Business: Products; Coal Trading; Services: Money Changer, Spin Doctor, Content Director for PR, Private Investigator. Social Activities: Traveller, Bloger. email: iwan.piliang7@yahoo.com\r\nmobile +628128808108\r\nfacebook: Iwan Piliang Dua , Twitter @iwanpiliang7 Instagram @iwanpiliangofficial mobile: +628128808108

Selanjutnya

Tutup

Money Pilihan

Tauladan Asman dari Batam

6 Oktober 2016   16:12 Diperbarui: 6 Oktober 2016   16:25 413
+
Laporkan Konten
Laporkan Akun
Kompasiana adalah platform blog. Konten ini menjadi tanggung jawab bloger dan tidak mewakili pandangan redaksi Kompas.
Lihat foto
Ekonomi. Sumber ilustrasi: PEXELS/Caruizp

IBADAH Magrib baru saja usai di Sabtu petang. Beberapa gelas Teh Tarik panas,  uapnya menggelembung-lengkung  menghiasi tepian gelas.  Roti bakar turut menemani.  Asman Abnur, bersama isterinya Zas J. Asman, menawarkan lagi  aneka jus.  Kami duduk di kursi cafe Masjid Jabal Arafah, Batam. Di kawasan Islamic Center ini, suasana bagaikan di sebuah mall, lokasinya bersebelahan dengan Nagoya Hilss. Momen kedua saya di sana. Pertama datang, November2013, saya pernah menulis.

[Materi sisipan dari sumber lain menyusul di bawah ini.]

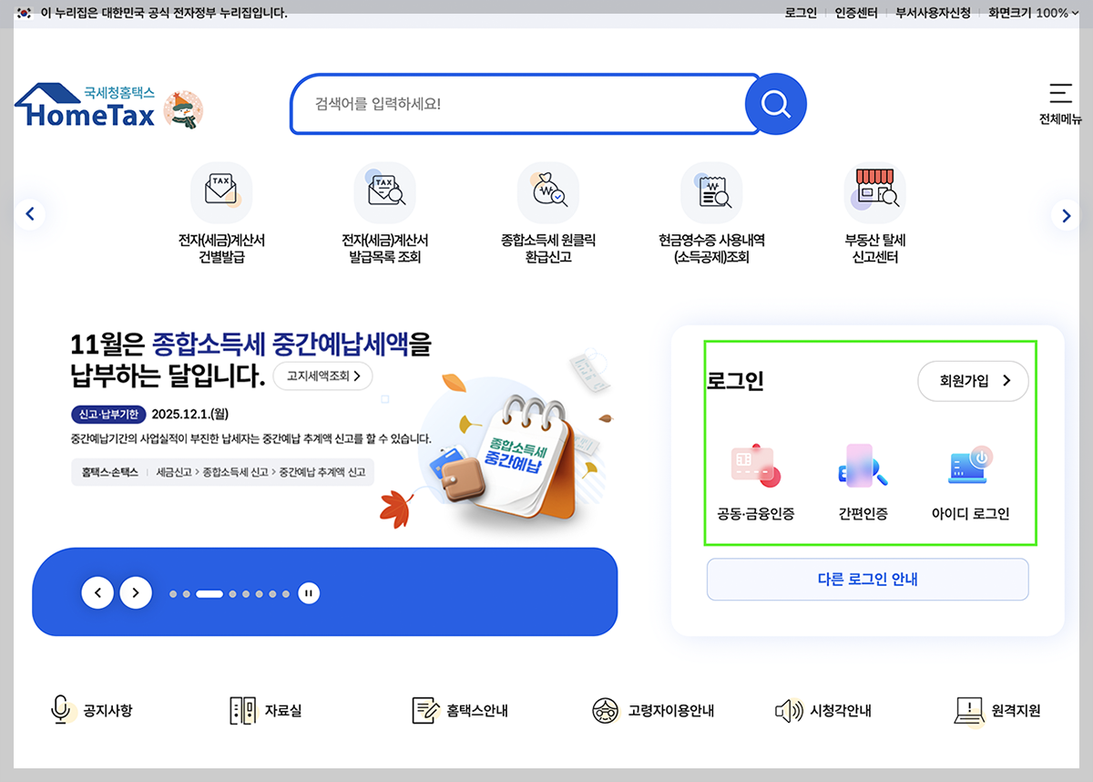 (1) 홈택스 로그인  (https://www.hometax.go.kr)

Lima  pohon Kurma  tinggi dua kali orang dewasa  tampak hijau.   Dedahanannya berpelepah kuning berduri bergeri.  Di sekeliling Kurma,  air  bergerak menyala. Pompa menaikkan air  ke beberapa pipa  disinari cahaya lampu.  Air jatuh bercorak kemilau ke kolam bening.

Daun-daun Terminalia seekuran ujung telunjuk menengadah seakan berdoa.  Pepohonan ini berbaris  di kiri kanan  jalan. Tiga tahun lalu pepohonan menuju bukit tempat masjid berada,  masih semeter. Kini rimbunannya tiga kali tinggi orang dewasa.  Di setiap dahannya menggelantung lampu-lampu menyala  bagaikan air jatuh ditingkah cahaya.

Bersama isteri saya, Sandra, kami perhatikan beberapa orang mengantri lift hendak naik ke menara masjid.  Setiap pengunjung membayar  Rp 2.500.  “Dari mereka yang naik ke menara itu, masjid memperoleh Rp 50 juta sebulan,” kata Asman pula, “Sudah menutup biaya listrik kawasan masjid.”

Masjid Jabal Arafah  (JA) membayar listrik  Rp 33 juta sebulan.

Agaknya, inilah masjid milik keluarga  pembayar listrik terbesar di Indonesia.

“Dari pukul  enam malam hingga pukul enam pagi seluruh lampu kawasan masjid saya minta menyala,” tutur Asman, kini Menteri Pendayagunaan Aparatur Negara RI itu.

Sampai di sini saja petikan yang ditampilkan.